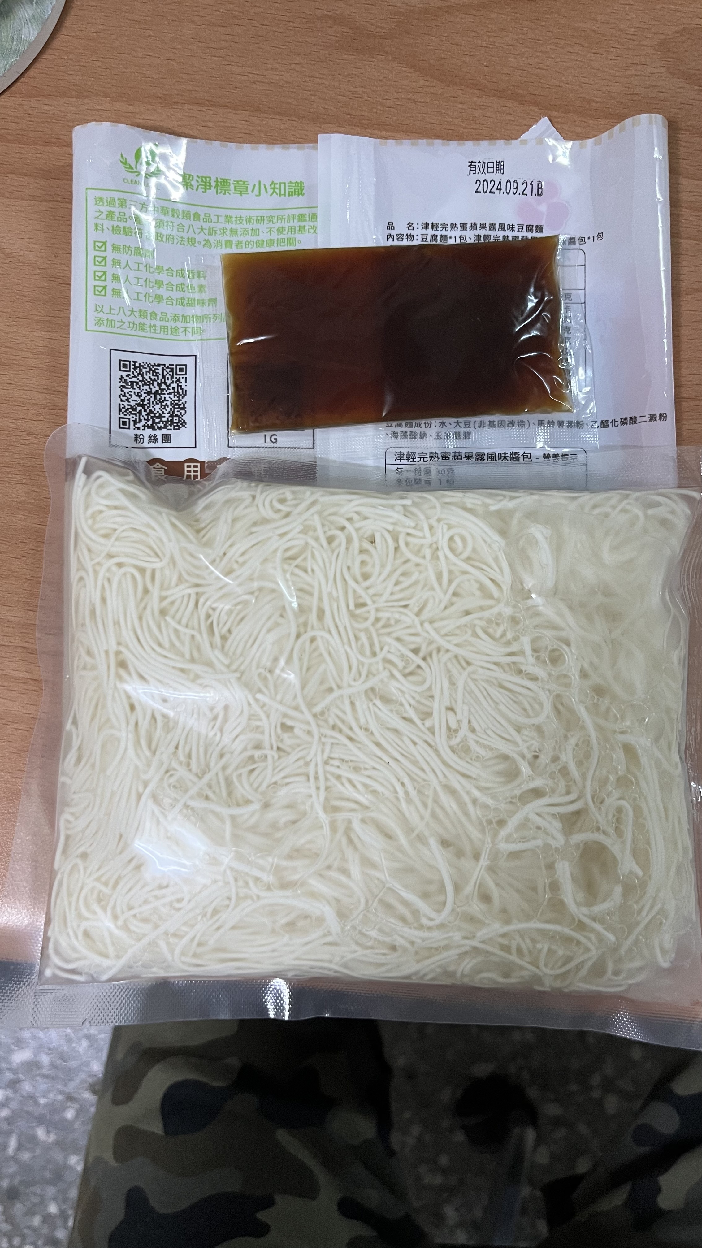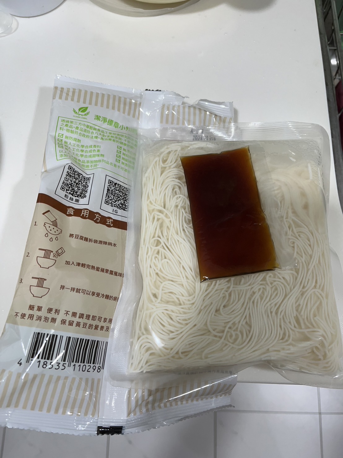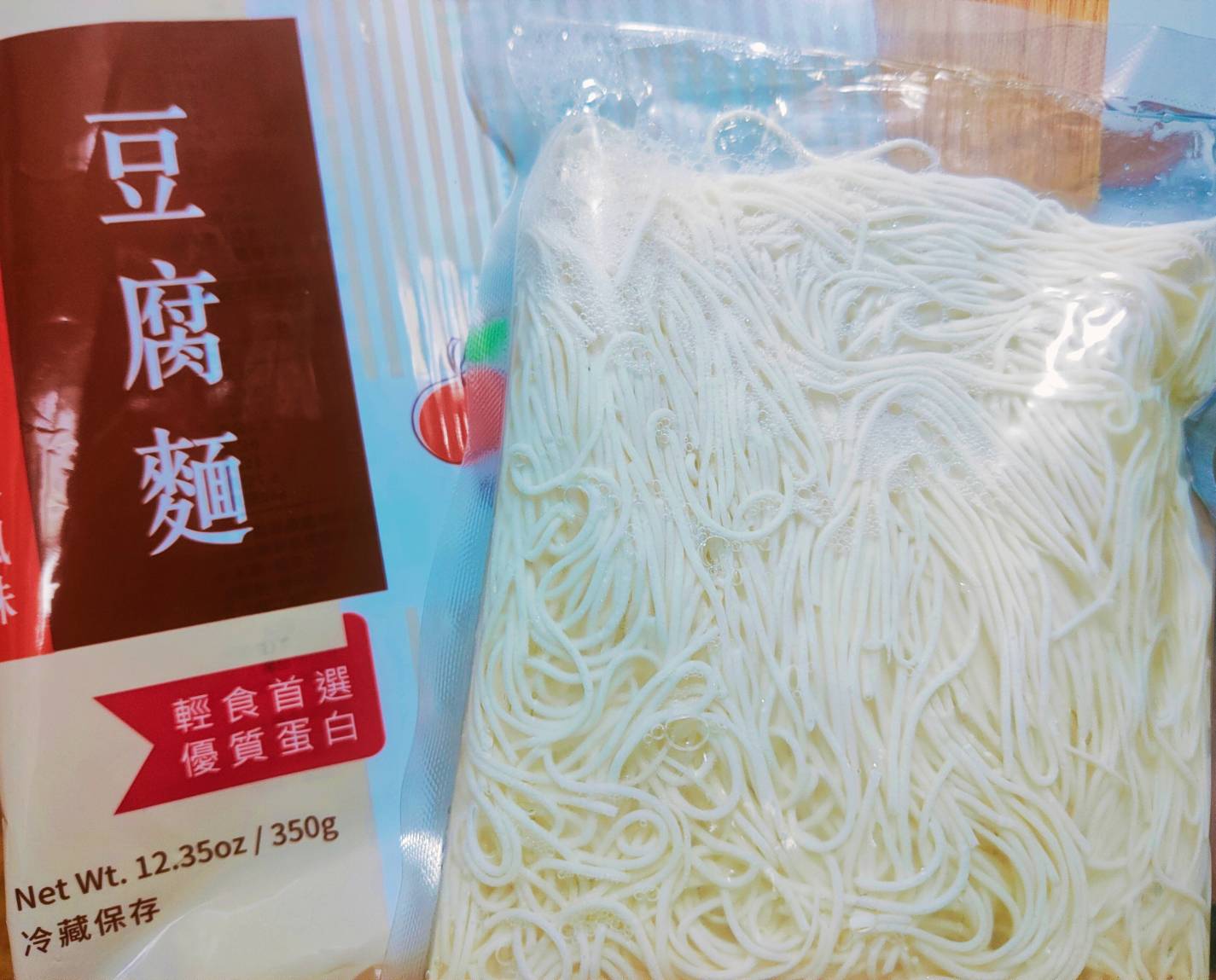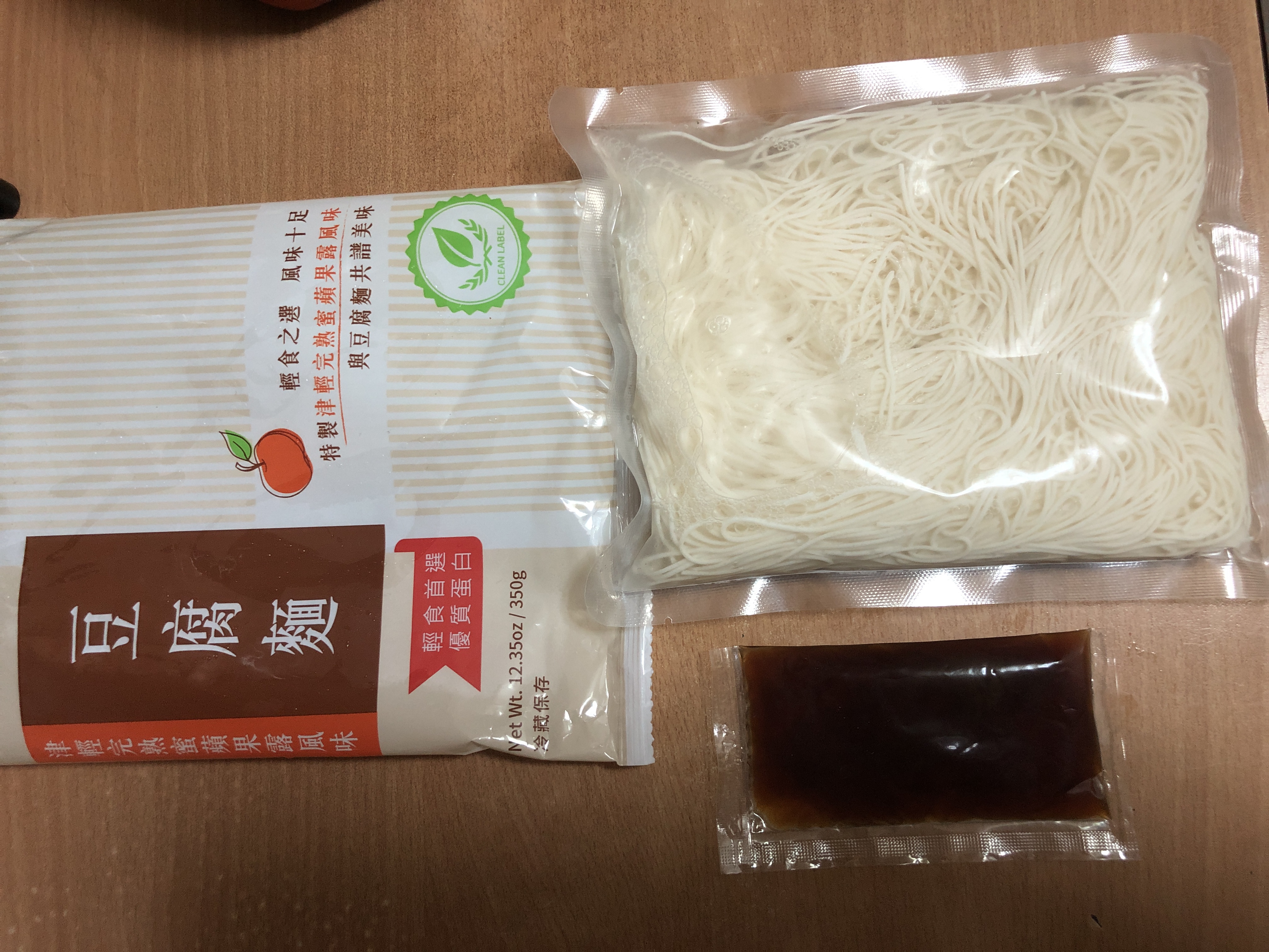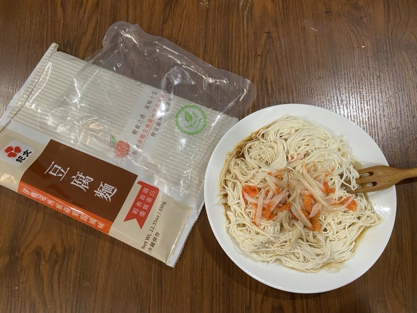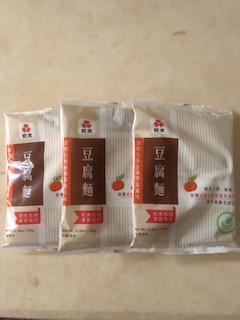 豆腐麵成份:水、大豆(非基因改造)、馬鈴薯澱粉、乙化磷酸二澱粉、海藻酸鈉、玉米糖膠
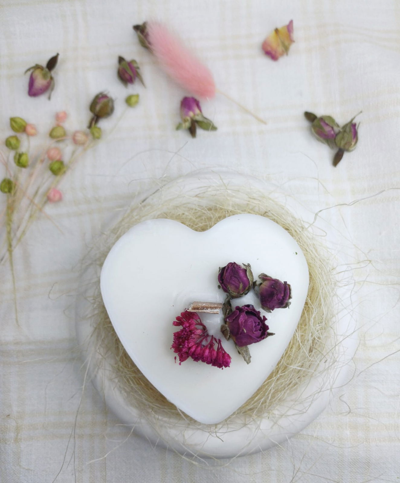 Set decorativ creat pentru a încânta privirile și a adăuga o notă romantică și de eleganță spațiului. Ansamblul este compus dintr-o lumanare din ceară de soia în forma unei inimi albe, decorată cu bobocei de trandafir uscați și o farfurie din ceramica albă, cu o margine groasă, deosebit de fermecătoare.
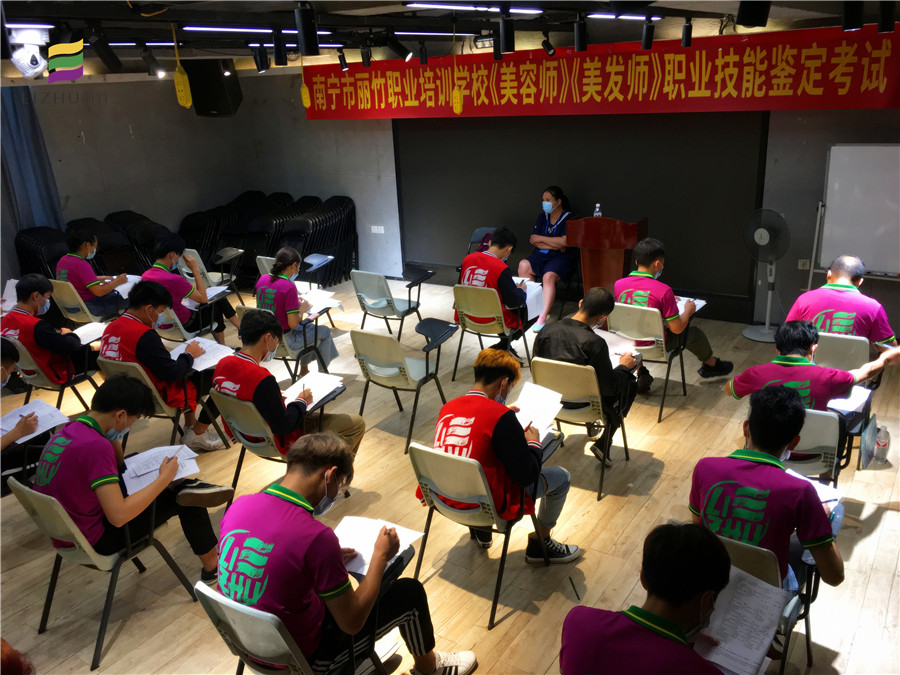 南寧美容美發(fā)學(xué)校:麗竹學(xué)校作為南寧市職業(yè)技能定點培訓(xùn)機構(gòu),于7月26日在本校進行了“南寧市麗竹職業(yè)培訓(xùn)學(xué)?!睹廊輲煛贰睹腊l(fā)師》職業(yè)技能鑒定”考試。
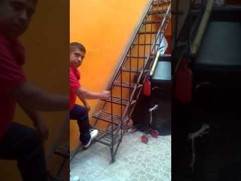 Dejare como 2 o 3 kilos de menos en el contrapeso, para que la escalera desplegada no suba sola y se encage sola en una especie de estantería inclinada como el peldaño, fijada con barilla de min 12 mm sellada con cemento rápido.
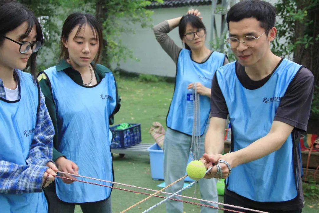 “慢一点,再慢一点,稳住!”“纵横天下”游戏中,大家两人一组,双手拉住两条绳索的一端,连成一条轨道,一颗网球在绳轨上颤颤巍巍地来回滚动。两名队员屏住呼吸,小心翼翼地拉紧绳索,将网球运到球桶正上方,慢慢拉开绳索,让网球从两绳之间落进桶里。
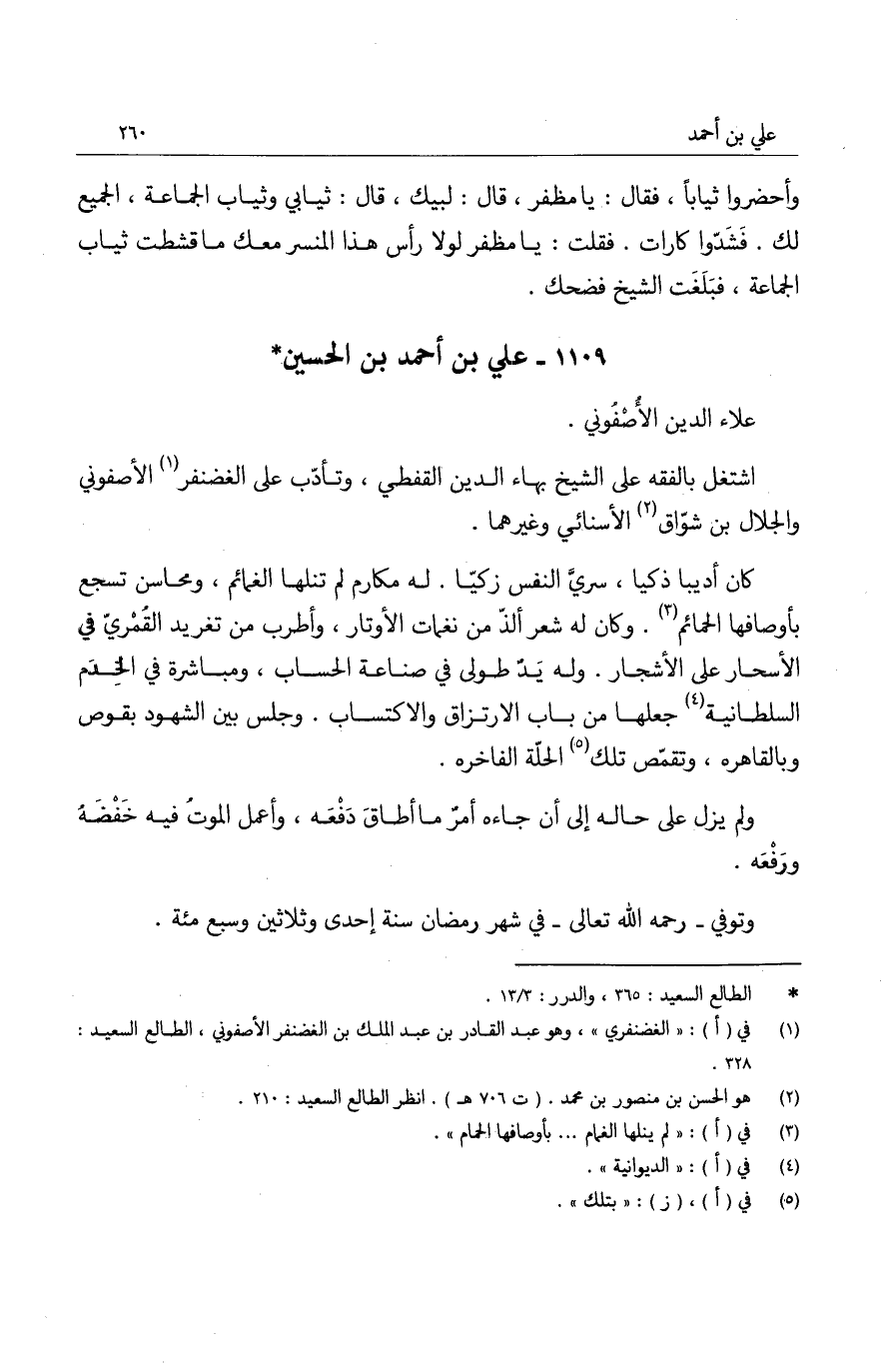 وأحضروا ثياباً، فقال: يا مظفر، قال: لبيك، قال: ثيابي وثيابك الجماعة، الجميع لك. فشدوا كارات. فقلت: يا مظفر لولا رأس هذا المنسر معك ما قشطت ثياب الجماعة، فبلغت الشيخ فضحك.
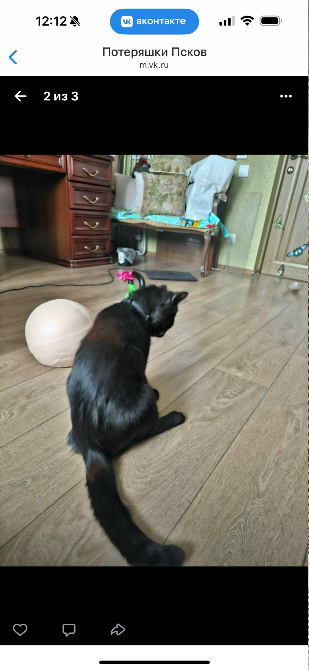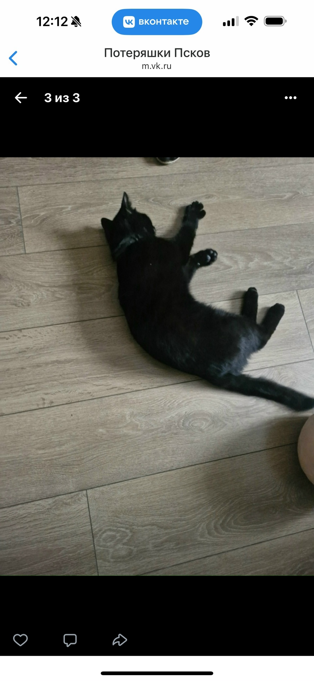 У дома номер 10 по ул. Комдива Кирсанова найден молодой чёрный кот с ошейником. Он уже несколько дней бегает по двору, раньше здесь не появлялся. При ходьбе высоко задирает передние лапы, есть явные проблемы с координацией (возможно, последствия перенесённой травмы или болезни). Владельцев прошу связаться со мной через личные сообщения
---*---
Instructions for the task
Produce an exact reproduction of the listing above, limited to the lines starting at the line with "南寧美容美發(fā)學(xu" and ending at the line with "Dejare como 2", both kept, with every picture left out.

Result of this exercise
 南寧美容美發(fā)學(xué)校:麗竹學(xué)校作為南寧市職業(yè)技能定點培訓(xùn)機構(gòu),于7月26日在本校進行了“南寧市麗竹職業(yè)培訓(xùn)學(xué)?!睹廊輲煛贰睹腊l(fā)師》職業(yè)技能鑒定”考試。
 Dejare como 2 o 3 kilos de menos en el contrapeso, para que la escalera desplegada no suba sola y se encage sola en una especie de estantería inclinada como el peldaño, fijada con barilla de min 12 mm sellada con cemento rápido.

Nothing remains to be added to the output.